Verify both required resources are in the policy:
- macOS / Linux
- Windows (PowerShell)
aws iam get-role-policy \
--role-name AutohealReadOnlyRole \
--policy-name AutohealPrivateAccessPolicy \
--query 'PolicyDocument.Statement[?Sid==`SSMTunnel`].Resource' \
--output table
aws iam get-role-policy `
--role-name AutohealReadOnlyRole `
--policy-name AutohealPrivateAccessPolicy `
--query 'PolicyDocument.Statement[?Sid==`SSMTunnel`].Resource' `
--output table
The output must include both:
arn:aws:ec2:REGION:ACCOUNT:instance/INSTANCE_IDarn:aws:ssm:*:*:document/AWS-StartPortForwardingSessionToRemoteHost
ssm:StartSession on the instance ARN alone is not sufficient for port-forwarding — AWS requires explicit permission on the SSM document as well.

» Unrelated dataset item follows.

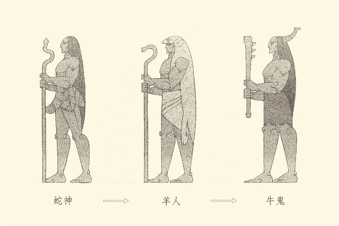 麻烦在于,蛇神、羊人、牛鬼,在我们这里不但表现为三个阶段,也表现为三个地区和三个族群:蛇神是东方夷族或南方蛮族,羊人是西方的羌族,牛鬼则是来到中原的炎帝族。炎帝虽然本是羌族,却不能跟原始羌族画等号。正如希腊人是雅利安人的一支,雅利安人却不等于希腊人。

If the instance ID in the policy doesn't match the bastion, re-run the Step 6 command with the correct BASTION_INSTANCE_ID.
Security Notes
- No inbound firewall rules needed: The bastion has zero inbound rules. All connectivity is outbound-only, initiated by the SSM agent.
- No SSH, no public IP: The bastion does not expose SSH. It has no public IP address.
- Temporary credentials only: The Autoheal OIDC role issues short-lived credentials (typically 1 hour) via STS. No long-lived keys are stored anywhere.
- Least privilege: The
ssm:StartSessionresource is scoped to the specific bastion instance ARN. The EKS access entry usesAmazonEKSViewPolicy(read-only), notsystem:masters. - Audit trail: Every SSM session and kubectl API call appears in AWS CloudTrail under the Autoheal role identity.